How is the result a clean data set?

The resulting data set respects the 3 principles of dity data defined in Hadley Wickham's paper, Tidy data (http://vita.had.co.nz/papers/tidy-data.pdf)

  1. Each variable forms a column,
  2. each observation forms a row,
  3. each type of observational unit forms a table.

How does the script work?

  • We first load the dplyr library with the library(dplyr) command. dplyr provides a set of tools for efficiently manipulating datasets in R
  • We check whether the working directory contains the UCI HAR Dataset folder.

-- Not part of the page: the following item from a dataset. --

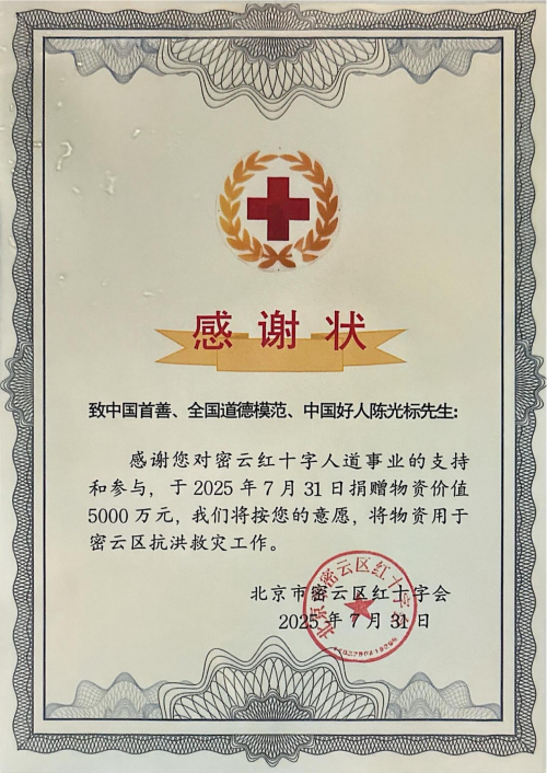 陈光标向北京密云灾区捐赠5000万元民生物资 多年累计慈善捐赠超50亿元

In this case, we set the working directory to the actual folder, using the setwd() command.
  • We load each file in its own dataframe using the read.table command.
    • The content of subject_train.txt and subject_test.txt is merged into a subjects dataframe using dplyrs's bind_rows command
    • The content of y_train.txt.txt and y_train.txt.txt is merged into a activities dataframe using dplyrs's bind_rows command
    • Features from the features.txt file are loaded and cleaned using the gsub command and relevant regular expressions
      • parenthesis are removed,
      • -- are replaced with _,
      • the output is a clean_label vector.

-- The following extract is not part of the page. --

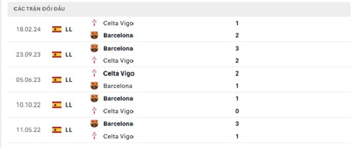 Bảng bóng đá trận đấu Celta Vigo vs Barcelona

    • The clean_label vector is used for column names when loading the measurements fromX_train.txt and X_test.txt files. The output is a measurement dataframe containing measurements with valid and relevant variables names. We chose to do this step (step 4 of the assignment) at that time to deal with clean variables names all along.
  • We create the data frame with all subjects, activities and measurements using the data_frame command. The output is an alltogether dataframe containing all 10299 observations and 563 variables.

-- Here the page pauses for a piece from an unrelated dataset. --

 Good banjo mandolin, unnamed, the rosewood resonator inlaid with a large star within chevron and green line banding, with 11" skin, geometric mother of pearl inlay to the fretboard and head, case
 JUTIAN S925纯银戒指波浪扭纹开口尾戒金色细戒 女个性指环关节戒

  • We use dplyr's select command along with dplyr's matches command to keep only:
    • the subject_id column
    • the act_id column
    • columns containing mean or std at the end or before a _ character using the *(std|mean)($|_) regular expression
  • The output is a cleanset variable containing only the measurements on the mean and standard deviation for each measurement, as requested in step 2 of the assignment.
  • We mofify the cleanset variable to replace each activity id by a descriptive activity name.
    • We load the activity_labels.txt file
    • We use the inner_join dplyr command to match each id with the descriptive name
    • We remove the act_id column to keep only the descriptive name using dplyr's select command.
  • Finally, we create a second, independent tidy data set with the average of each variable for each activity and each subject:
    • first we group by subject and activity using dplyr's group_by command,
    • then we calculate the mean for each group using dplyrs- summarise_each command,
    • finally we use the setNames function to prefix each variable with the mogo_ string, to indicate that each variable represent the "mean of grouped observations"
  • The output is the avg_va variable containing 180 observations (30 subjects, each performing 6 activities)
  • This data frame is exported into the tidy.csv file using the write.table command. This file has been uploaded as requested in part 1 of the assignment.
    • This file can be loaded into R for inspection with the read.table("tidy.csv", header = TRUE) command. If you just generated the file from the script, make sure you go up one directory using the setwd("..") command, since the file is created in the folder tha contains the UCI HAR Dataset folder.